** EXERCISE DETAILS **
Output exactly the lines below, starting with the line that has "The watermark will" and going on through the line that has "2017-2018学年第一学期商丘市永城县五年级数学试卷(北师版)【8】", both included, and no other lines.

** DATA SUPPLIED **
★ ★ ★
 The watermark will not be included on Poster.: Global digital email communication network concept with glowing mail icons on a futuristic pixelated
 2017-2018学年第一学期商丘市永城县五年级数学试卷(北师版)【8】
★ ★ ★
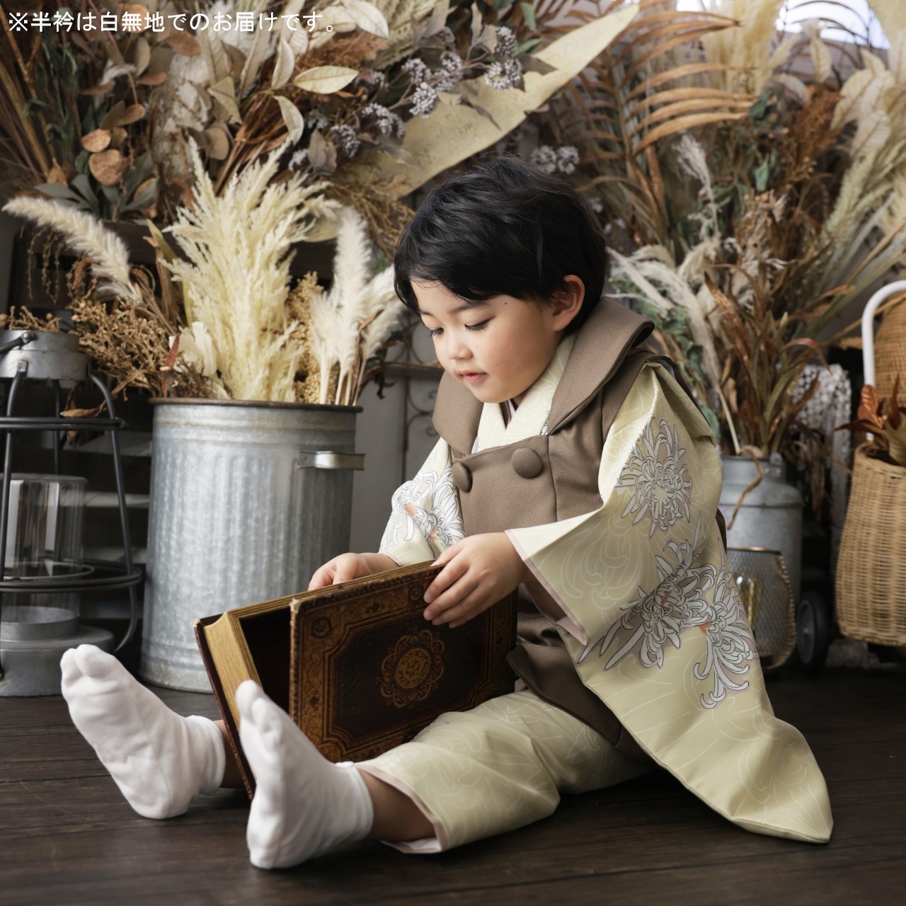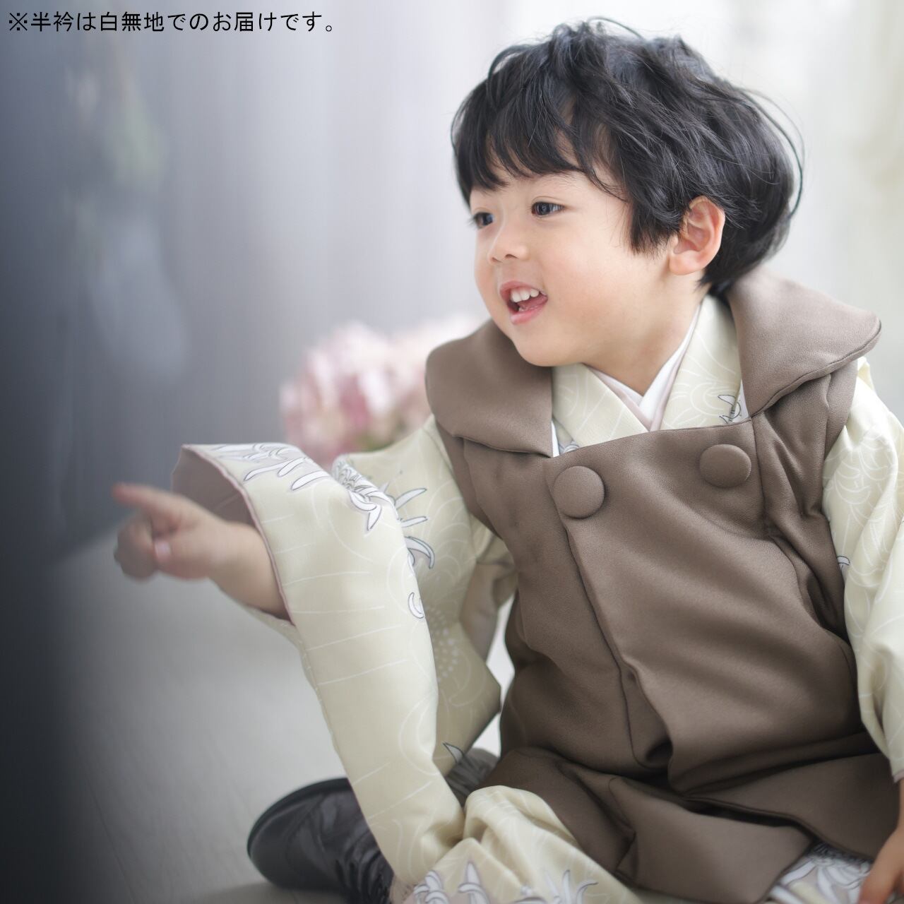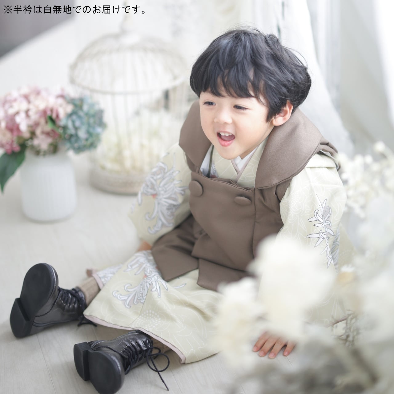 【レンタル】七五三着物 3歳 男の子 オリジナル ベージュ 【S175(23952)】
★ ★ ★
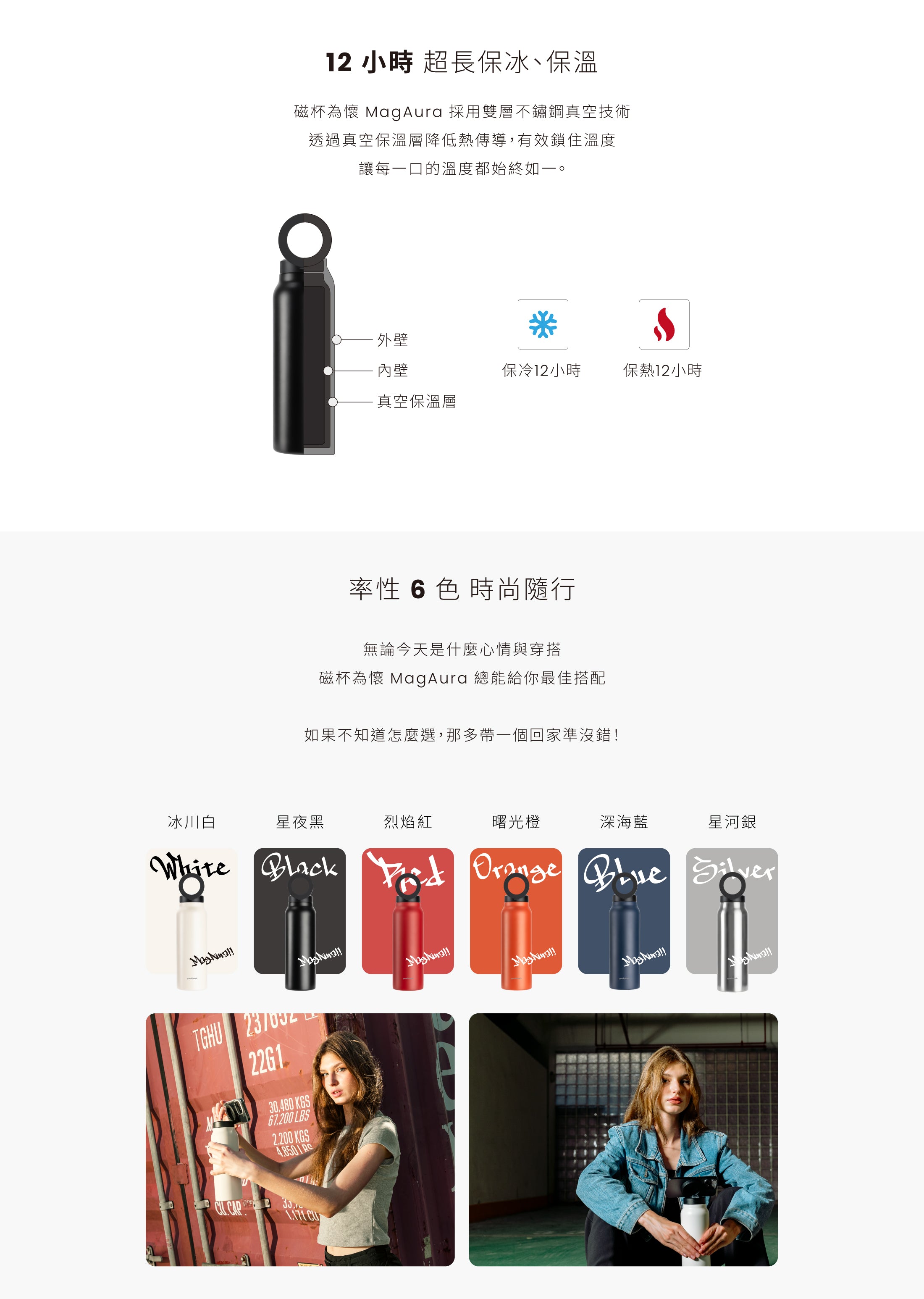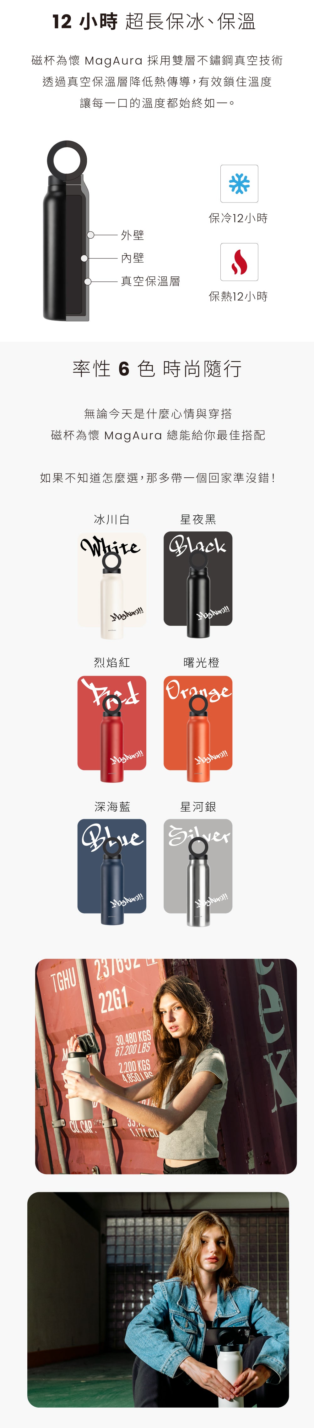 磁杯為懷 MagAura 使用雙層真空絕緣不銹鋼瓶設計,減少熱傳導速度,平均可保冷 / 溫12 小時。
★ ★ ★
** ANSWER FOR THE TASK **
 The watermark will not be included on Poster.: Global digital email communication network concept with glowing mail icons on a futuristic pixelated
 2017-2018学年第一学期商丘市永城县五年级数学试卷(北师版)【8】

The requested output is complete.